Source records:
***
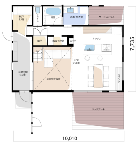 シンプルな家事動線と開放感あふれる吹き抜けのある間取り
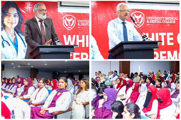 Prof Dr Aman Aman Ullah Malik, Rector in his address briefed the students about TUF, UMDC, MTH, and other welfare projects running under the auspices of Madinah Foundation. The ceremony concluded with remarks from Prof. Dr. Aamir Ali Choudhry, Head of the Ophthalmology Department at MTH, who highlighted the responsibilities that come with the white coat.
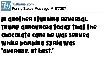 X says In another stunning reversal, Trump announced today that the chocolate cake he was served while bombing Syria was "average, at best."
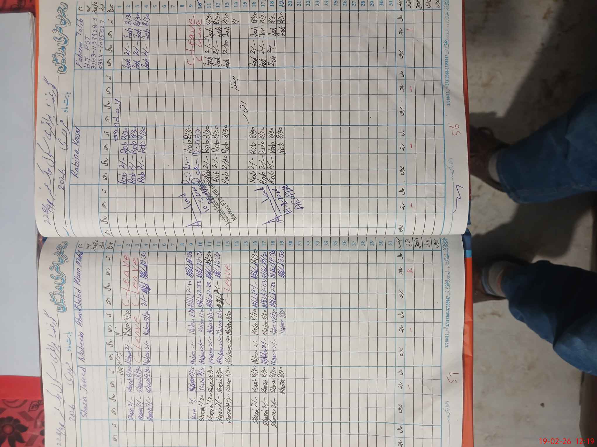 | CNIC | Full Name | Designation | R/C | Absence During Last Calender Month |
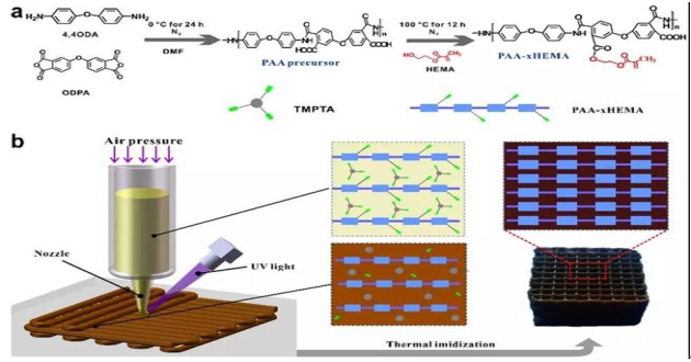 中国科学院兰州化学物理研究所固体润滑国家重点实验室王晓龙研究员团队和江南大学机械学院刘禹教授团队合作,在原DLP 3D打印聚酰亚胺基础上(Solvent-free and photocurable polyimide inks for 3D printing, J....
***
WHAT TO DO: Repeat every record above exactly. The pictures do not belong in the copy.

ANSWER FOR THIS EXERCISE:
 シンプルな家事動線と開放感あふれる吹き抜けのある間取り
 Prof Dr Aman Aman Ullah Malik, Rector in his address briefed the students about TUF, UMDC, MTH, and other welfare projects running under the auspices of Madinah Foundation. The ceremony concluded with remarks from Prof. Dr. Aamir Ali Choudhry, Head of the Ophthalmology Department at MTH, who highlighted the responsibilities that come with the white coat.
 X says In another stunning reversal, Trump announced today that the chocolate cake he was served while bombing Syria was "average, at best."
 | CNIC | Full Name | Designation | R/C | Absence During Last Calender Month |
 中国科学院兰州化学物理研究所固体润滑国家重点实验室王晓龙研究员团队和江南大学机械学院刘禹教授团队合作,在原DLP 3D打印聚酰亚胺基础上(Solvent-free and photocurable polyimide inks for 3D printing, J....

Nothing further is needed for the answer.